Here is how Durston defines "potential infinity": "a procedure that gets closer and closer to, but never quite reaches, an infinite end". So, according to Durston, a "potential infinity" is not a set but a "procedure". Yet the very first example that Durston gives is "the sequence of numbers 1,2,3, ... gets higher and higher but it has no end". The problem should be clear: a "sequence" is not a "procedure"; a (one-sided infinite) sequence over a set S is a mapping from the non-negative integers to S. From the beginning, Durston is quite confused. His next example is "the limit of a function as x approaches infinity". But a "limit" is not a "procedure", either. Durston also doesn't seem to understand that limits involving the symbol ∞ can be restated to avoid it entirely; the ∞ in a limit is a shorthand that has little to do with infinite sets at all.
He defines "actual infinity" or "completed infinity" as "an infinity that one actually reaches", which doesn't seem to have any actual meaning that I can divine. But then he says that "actual infinity" or "completed infinity" is "just one object, a set". Fair enough. Now we know that for Durston, an "actual" or "completed" infinity is a set. But what does it mean for a set to "reach" something? And if we consider the set of natural numbers, for example, what does it mean to say that it "reaches" infinity? After all, the set of natural numbers N contains no number called "infinity", so if anything, we should say that N does not "reach" infinity.
But then he goes on to say "First, a completed countable infinity must be treated as a single ‘object’." This is evidently wrong. For Durston, a "completed infinity" is a set, but that doesn't prevent us from discussing, treating, or thinking about its members, and there are infinitely many of them.
Next, he says "it is impossible to count to a completed infinity". That is true, but not for the reason that Durston thinks. It is because the phrase "to count to a set" is not defined. We never speak about "counting to a set" in mathematics. We might speak about enumerating the elements of a set, but then the claim that if we begin at a specific time and enumerate the elements of a countably infinite set at, say, once a second, we will never finish, is completely obvious and not of any interest.
Next, Durston claims "one can count towards a potential infinity". But since he defined a "potential infinity" as a procedure, this is clearly meaningless. What could it mean to "count towards a procedure"?

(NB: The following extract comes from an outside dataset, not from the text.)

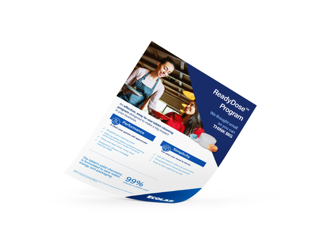 - ReadyDose™, an effective, easy-to-use tablet cleaning program designed to make a big impact. It delivers the clean guests expect and the clear uncomplicated routine staff want. ReadyDose tablets cover all your everyday cleaning needs, from the back of the kitchen to the front of the house, and every spot in between.
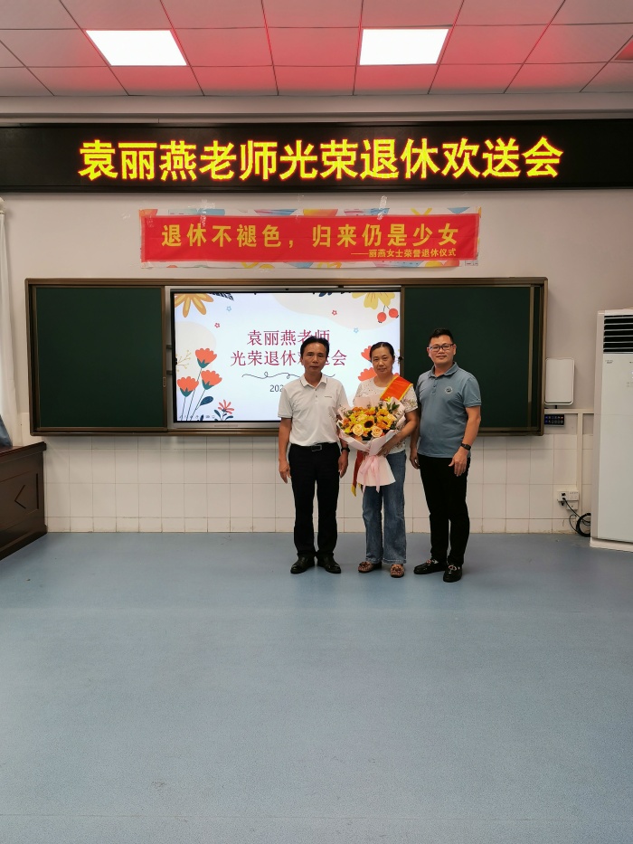 潘啟欽校長為袁麗燕老師戴上授帶,李培新副校長送上鮮花,為活動拉開了序幕。潘校長對袁老師幾十年如一日的無私奉獻(xiàn)給予了充分肯定,并對她為學(xué)校所付出的辛勤勞動表示衷心感謝。同時希望袁麗燕老師退休不退志、離崗不離心,?;貋砜纯矗蝗缂韧仃P(guān)心學(xué)校發(fā)展,支持學(xué)校發(fā)展。

He then goes on to discuss four requirements of an infinite past history. He first asserts that "the number of seconds in the past is a completed countable infinity". Once again, Durston bumps up against his own claims. The number of seconds is not a set, and hence it cannot be a "completed infinity" by Durston's own definition. Here he is confusing the cardinality of a set with the set itself.
Next, he claims that "The number of elapsed seconds in the future is a potential infinity". But earlier he claimed that a potential infinity is a "procedure". Here he is confusing a cardinality with a procedure!
Later, Durston shows that he does not understand the difference between finite and infinite quantities: he claims that "the size of past history is equal to the absolute value of the smallest negative integer value in past history". This would only be true for finite pasts. If the past is infinite, there is no smallest negative integer, so the claim becomes meaningless. So his Argument A is wrong from the start.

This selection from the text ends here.